Leigh-on-Sea (), commonly referred to simply as Leigh, is a town and civil parish in the City of Southend-on-Sea, in the ceremonial county of Essex, England. In 2011, it had a population of 22,509.

Geography

Leigh-on-Sea is on the northern side of the Thames Estuary, a few miles from the open waters of the North Sea to the east, and a similar distance from the Kent coast to the south. The coastal environs of the town feature a nature reserve at Two Tree Island and a centrally located beach adjacent to Bell Wharf. At low tide Leigh's foreshore has a wide expanse of mud flats and creeks, extending offshore towards the deep water channel of the Thames (Yantlet Channel). Leigh is  from central London via road and rail networks and is part of the London commuter belt.

History

Origins
Archaeological finds of pottery and coins from Romano-British era in the locality suggest early settlement. From at least the Saxon period a hilltop clearing amidst the woodland that covered much of the surrounding area (the Rochford Hundred) of Essex came to be known as Leigh.

A place of minor economic importance at the time of the Norman Conquest, a reference to Leigh (Legra) appears in the Domesday Book survey of 1086.

St Clement's Church was rebuilt in the late 15th century or early 16th century, although the list of rectors dates back 1248. The fabric of the church is of Kentish ragstone and flint rubble, with a Tudor porch constructed of red brick. The mediaeval structure of the church was added to and altered during the 19th and early 20th centuries. The chancel was extended at the east end in 1872 by C. F. Haywood; Ernest Geldart added the south aisle in 1897, and there were a number of alterations made by Sir Charles Nicholson in 1913 and 1919. The tower at the west end was a prominent landmark for shipping on the Thames Estuary, and the building contains a good selection of stained glass dating from between the 18th and 20th centuries. The building is Grade II* listed by Historic England, and a key factor for this rating was the sympathetic nature of the 19th and 20th century additions.

Leigh Hall, a medieval manor house demolished in the early 20th century, was once situated near the ancient eastern manorial boundary of Leigh and Prittlewell.
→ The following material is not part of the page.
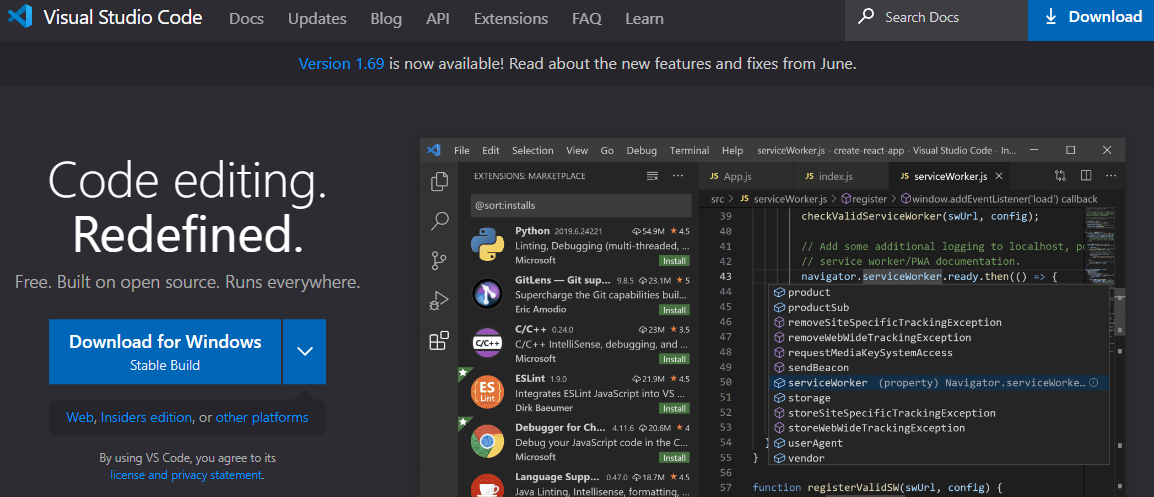 기존 VS랑 VS code를 비교해놓은 글인데 유,무료차이, VS의 뛰어난 확장성 프로그램의 무게정도의 차이가 있다고한다.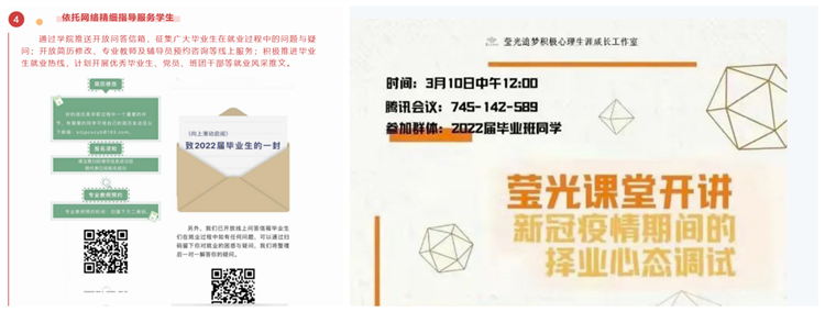 强化就业育人功能。关口前移,学院通过就业宣讲会、就业主题班会、职业礼仪演讲比赛、简历与面试技巧讲座、模拟求职比赛、国防教育动员等多条线不同形式的活动,充盈就业创业教育月内涵,强化毕业生就业意识、树立正确的就业观,引导毕业生探寻不同发展方向。学院通过网络平台及时推送就业招聘信息、线上讲座、经验分享交流会,一对一就业咨询等多种形式,内容涵盖了生涯规划、职业抉择、简历制作、求职面试、职业世界探索、求职心理调适、职前适应等,在疫情期间有针对性地帮助学生调整就业心态,提高就业能力。

Robert Eden, who became rector of Leigh in 1837, demolished the previous rectory and commissioned a large new one, which was completed in 1838. One quarter of the building remains today as Leigh Library, as the other wings of the building were demolished by Southend Corporation when they acquired the building and the surrounding land. The rectory and grounds occupied a  site, and the work carried out by Eden included the construction of Rectory Grove as a public right of way, which replaced an existing cliff-top path called Chess Lane. Leigh Library was designated as a listed building at Grade II in 1974.

'Old Leigh'
In the 11th century Leigh was a marginal community of homesteads. The Domesday Book records 'five smallholders above the water who do not hold land', who were probably engaged in fishing thus giving Leigh a claim to nearly a thousand years of activity in the fishing industry.
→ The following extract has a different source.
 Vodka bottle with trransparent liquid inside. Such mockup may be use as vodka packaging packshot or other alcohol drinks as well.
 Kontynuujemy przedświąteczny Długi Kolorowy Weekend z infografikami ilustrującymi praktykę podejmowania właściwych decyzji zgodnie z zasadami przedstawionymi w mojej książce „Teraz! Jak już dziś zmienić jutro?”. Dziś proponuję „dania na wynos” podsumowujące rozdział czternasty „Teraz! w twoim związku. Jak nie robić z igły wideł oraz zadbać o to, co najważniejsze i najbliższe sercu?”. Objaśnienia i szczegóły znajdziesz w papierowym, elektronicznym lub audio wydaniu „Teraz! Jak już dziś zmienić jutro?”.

The main seafood catch from Leigh fishing boats has always been shellfish and whitebait. Many of the local trawlers were at one time bawleys, and two of Old Leigh's pubs – the Peter Boat and Ye Olde Smack – owe their names to types of local fishing boat.

The riverside settlement of 'Old Leigh', or 'The Old Town', is historically significant; it was once on the primary shipping route to London. From the Middle Ages until the turn of the 20th century, Old Leigh hosted the settlement's market square, and high street (known as Leigh Strand). Elizabethan historian William Camden (1551–1623) described Leigh as "a proper fine little towne and verie full of stout and adventurous sailers". By the 1740s however, Leigh's deep water access had become silted up (as attested to by John Wesley) and the village was in decline as an anchorage and port of call.

Modern era
Broadway developed between the 1870s and the 1920s from a residential street to a commercial parade of shopfronts, as the town began to expand. During the 1920s, Broadway was extended further west with the demolition of a large manor house, Black House/Leigh House (built 1620).
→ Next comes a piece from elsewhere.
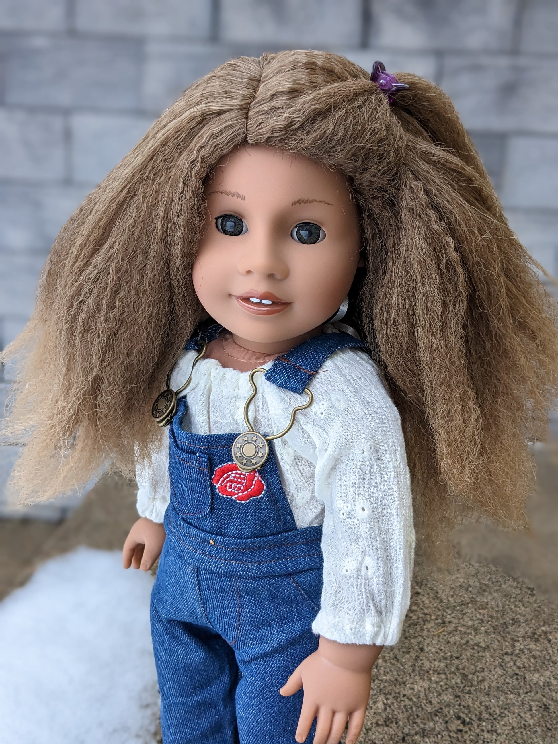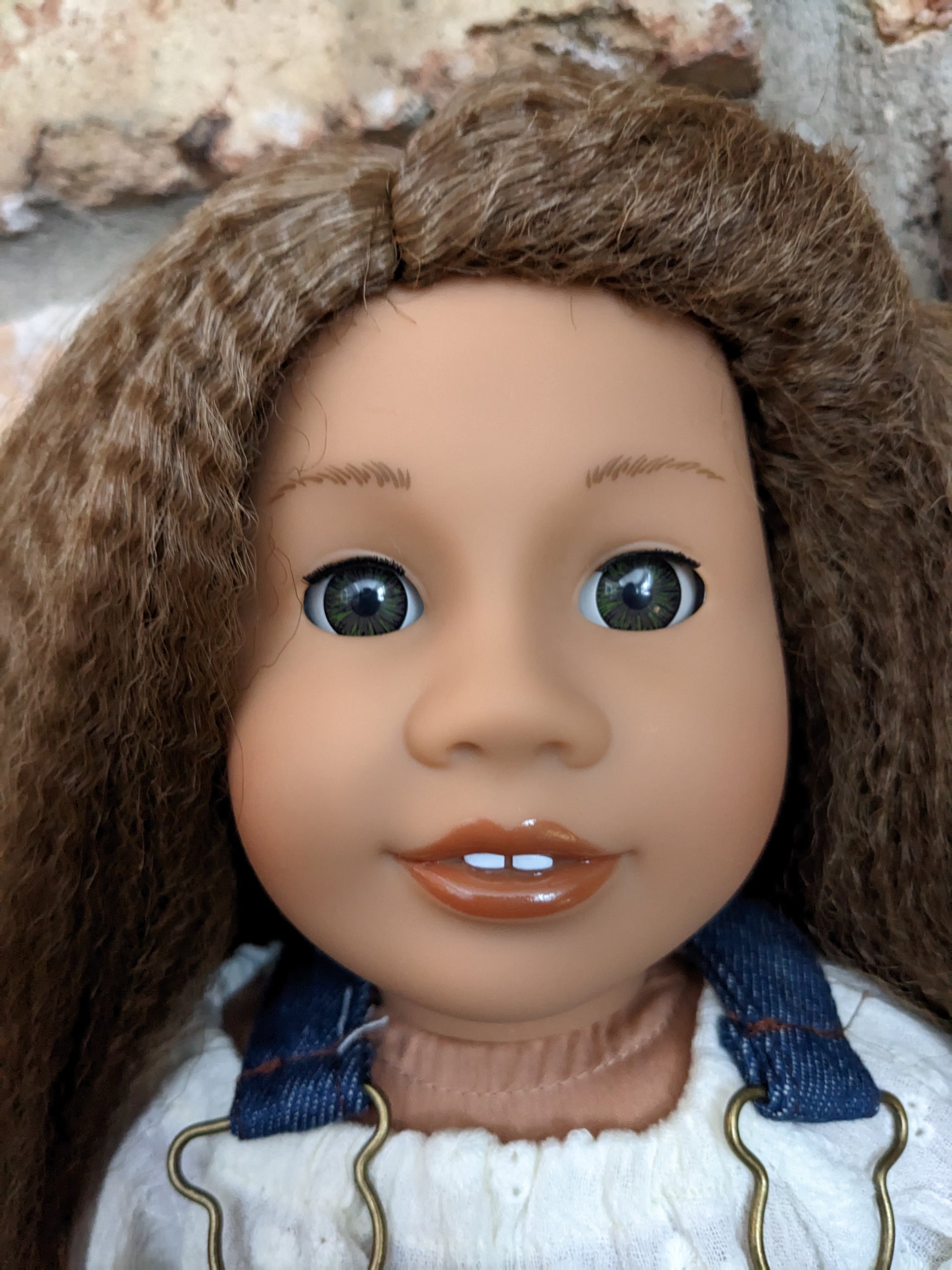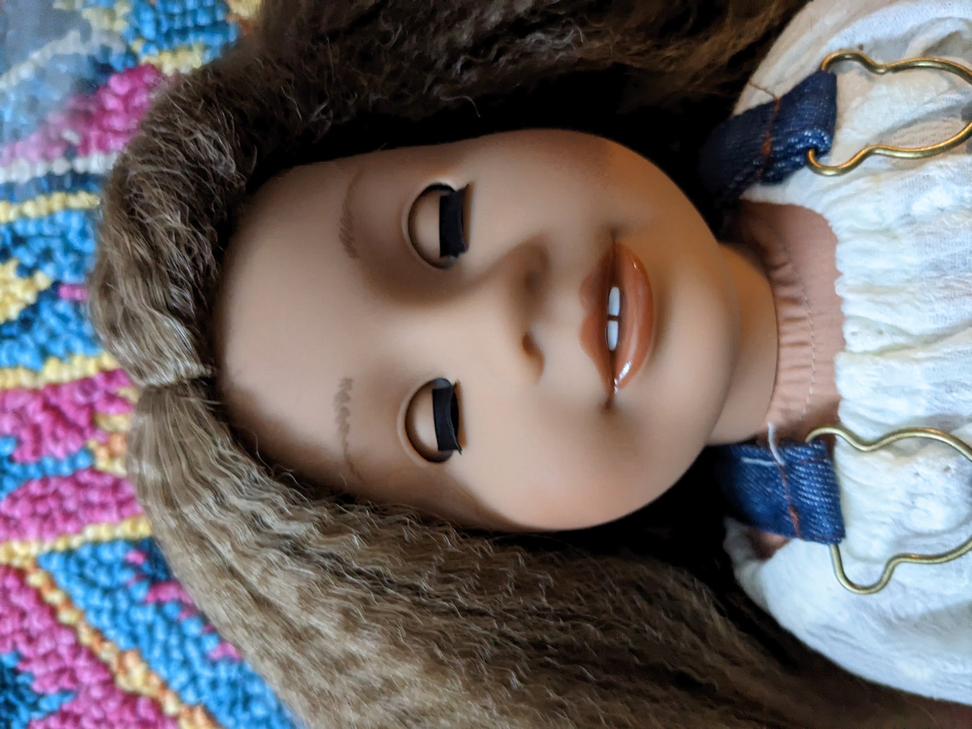 This one of a kind OOAK custom American Girl doll was created with a brand new TM 26 doll, a brown textured wig, and hazel eyes. She has lip gloss that was hand painted and sealed. She may have some minor shine marks from handling. She comes with the outfit pictured. She has a microfiber cloth body with permapanties and a tiny x on her bum.

In 1983 Leigh gained its own paper, Leigh Times, and in 1996 gained its own Town Council.

During the 1990s and the early 21st century Leigh-on-Sea went through more change: the growing dominance of out-of-town, 24-hour supermarkets and retail parks, as well as the arrival and popularity of retail online shopping, meant that much local business had to reinvent itself, either as venues for socialising, or to offer niche services and products to cater for the town's changing demographic.

Leigh-on-Sea has frequently been cited as one of the best places to live in the UK, owing to factors such as its proximity to London, nearby outstanding Westcliff and Southend grammar schools, good access to sports and arts activities, multiple opportunities to develop skills, and a strong sense of belonging and community spirit. A 2018 survey by Rightmove found that Leigh-on-Sea was the place in the UK where people were happiest living.

Reports in the local newspaper; the Southend Echo, have suggested (with such opinion supported by many local business owners) that Southend-on-Sea City Centre (to avoid the demise of many ‘High Streets’) needs to ‘follow’ the example of Leigh Broadway and Leigh Road…with independent businesses, rather than national chains,  being the prime tenants. 

On 15 October 2021, Sir David Amess, the local Member of Parliament, was stabbed to death at a constituency surgery being held in Belfairs Methodist Church in the town.

Transport
Leigh-on-Sea is served by Leigh-on-Sea railway station on the London, Tilbury and Southend line. Regular, daily bus services run between Southend-on-Sea, Benfleet, Canvey Island, Basildon, Rayleigh and Chelmsford. Scheduled flights to national and European destinations operate out of nearby London Southend Airport.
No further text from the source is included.